**Problem requirements**
Among the lines below, take the one holding "下午2时,北京大学师生一行抵", the one holding "BAO BÌ SẢN PHẨM", and all lines between them. Set them down exactly.

**Record excerpts**
========================

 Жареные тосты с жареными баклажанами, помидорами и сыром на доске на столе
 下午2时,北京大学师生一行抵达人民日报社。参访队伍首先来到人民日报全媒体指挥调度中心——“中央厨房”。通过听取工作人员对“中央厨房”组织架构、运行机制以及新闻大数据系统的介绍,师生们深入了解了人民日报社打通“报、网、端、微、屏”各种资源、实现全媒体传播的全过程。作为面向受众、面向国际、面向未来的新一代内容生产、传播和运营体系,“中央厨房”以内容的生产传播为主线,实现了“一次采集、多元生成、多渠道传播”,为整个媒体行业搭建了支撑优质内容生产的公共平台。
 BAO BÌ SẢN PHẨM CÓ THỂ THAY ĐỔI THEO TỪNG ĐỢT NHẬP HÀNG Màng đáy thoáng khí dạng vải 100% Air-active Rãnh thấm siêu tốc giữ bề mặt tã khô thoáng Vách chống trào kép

========================

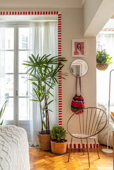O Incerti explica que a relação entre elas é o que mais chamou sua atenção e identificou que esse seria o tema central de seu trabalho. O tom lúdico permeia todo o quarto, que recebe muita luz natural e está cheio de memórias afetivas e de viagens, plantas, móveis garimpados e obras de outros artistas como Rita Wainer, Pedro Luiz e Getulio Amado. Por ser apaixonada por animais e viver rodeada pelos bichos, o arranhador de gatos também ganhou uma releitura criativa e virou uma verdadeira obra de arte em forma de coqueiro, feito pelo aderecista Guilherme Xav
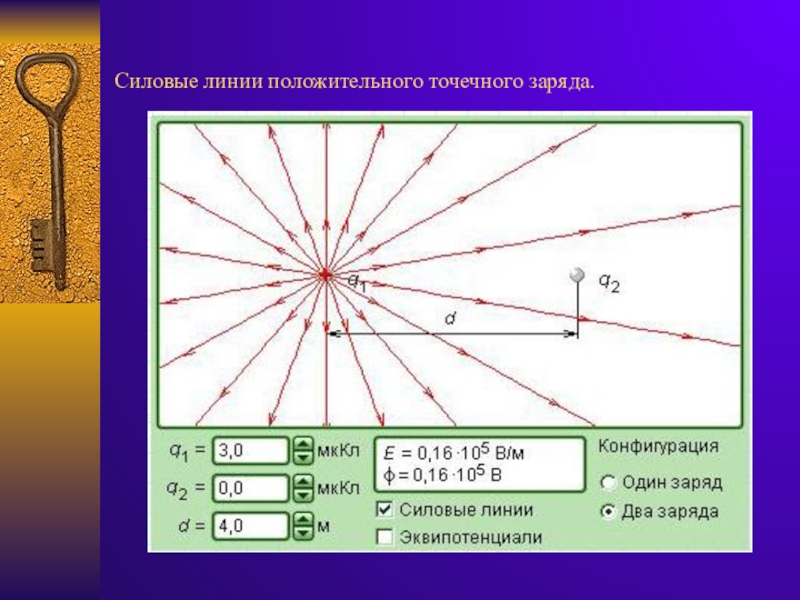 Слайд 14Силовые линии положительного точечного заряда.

========================

**Exercise answer**
 下午2时,北京大学师生一行抵达人民日报社。参访队伍首先来到人民日报全媒体指挥调度中心——“中央厨房”。通过听取工作人员对“中央厨房”组织架构、运行机制以及新闻大数据系统的介绍,师生们深入了解了人民日报社打通“报、网、端、微、屏”各种资源、实现全媒体传播的全过程。作为面向受众、面向国际、面向未来的新一代内容生产、传播和运营体系,“中央厨房”以内容的生产传播为主线,实现了“一次采集、多元生成、多渠道传播”,为整个媒体行业搭建了支撑优质内容生产的公共平台。
 BAO BÌ SẢN PHẨM CÓ THỂ THAY ĐỔI THEO TỪNG ĐỢT NHẬP HÀNG Màng đáy thoáng khí dạng vải 100% Air-active Rãnh thấm siêu tốc giữ bề mặt tã khô thoáng Vách chống trào kép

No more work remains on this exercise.